Unexpected Sigmoid activations on YOLO heads

The activation function of layer yolov10m/conv64 was replaced by a Sigmoid
The activation function of layer yolov10m/conv77 was replaced by a Sigmoid
The activation function of layer yolov10m/conv89 was replaced by a Sigmoid

However, your .alls file only includes:

quantization_param([conv64, conv77, conv89], force_range_out=[0.0, 1.0])

There is no change_output_activation(...), suggesting the Sigmoid operations are coming from an auto-generated model script.

What Is Likely Not the Issue

Your preprocessing appears correct:

Calibration images are .jpg
Input is np.uint8 and resizing is handled by HailoDetector

Normalization in .alls is:

normalization1 = normalization([0.0, 0.0, 0.0], [255.0, 255.0, 255.0])
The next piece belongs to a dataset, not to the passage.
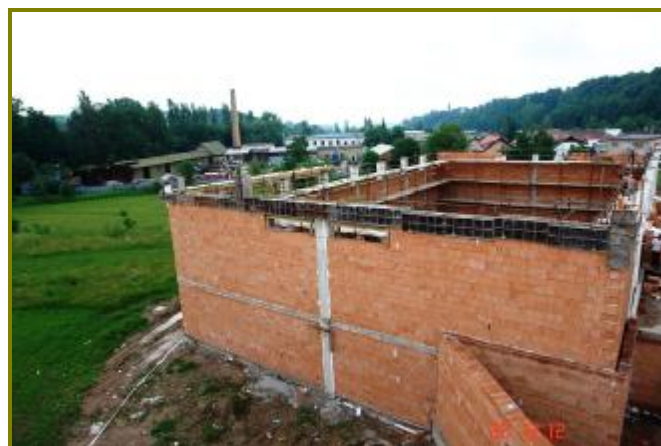
Pohled na budoucí chloubu Lánova – novou tělocvičnu. Hrubá stavba se blíží ke svému konci.
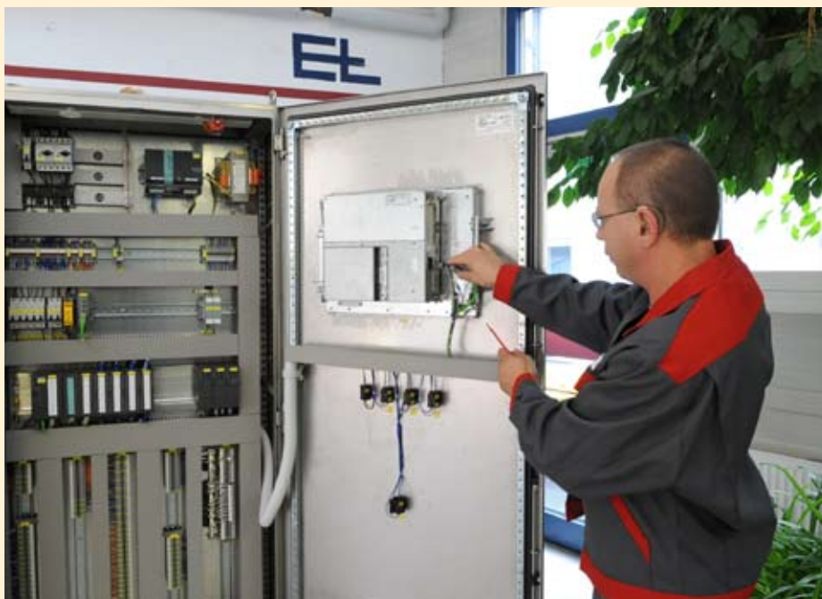
Zertifizierter Schaltanlagenbau nach neuestem Stand der Technik gehört zum Leistungsspektrum der Erhardt + Leimer CTE GmbH.

Unless there is additional host-side scaling (dividing by 255), double-normalization does not appear to be occurring.

Likely Root Causes

Given that ONNX runs well but the HEF produces few detections, the most probable issues are:

Unwanted Sigmoid activations on the output heads (conv64/77/89)
Insufficient calibration data (64 images instead of 1,024+)
A potential RGB/BGR mismatch during inference

Recommended Fixes

1. Force usage of your `.alls` script

Run the following commands with an explicit model script:

hailo optimize yolov10m.har --model-script /home/lauretta/quang/rain_detector/model_script/yolov10m.alls
hailo compiler yolov10m.har --model-script /home/lauretta/quang/rain_detector/model_script/yolov10m.alls

Check whether the lines indicating Sigmoid replacements disappear.

If they do not, extract the auto-generated script:

hailo har extract yolov10m.har --auto-model-script-path auto_model_script.alls

Look for any change_output_activation(...) calls and remove them. Avoid applying both change_output_activation and force_range_out to the same layers.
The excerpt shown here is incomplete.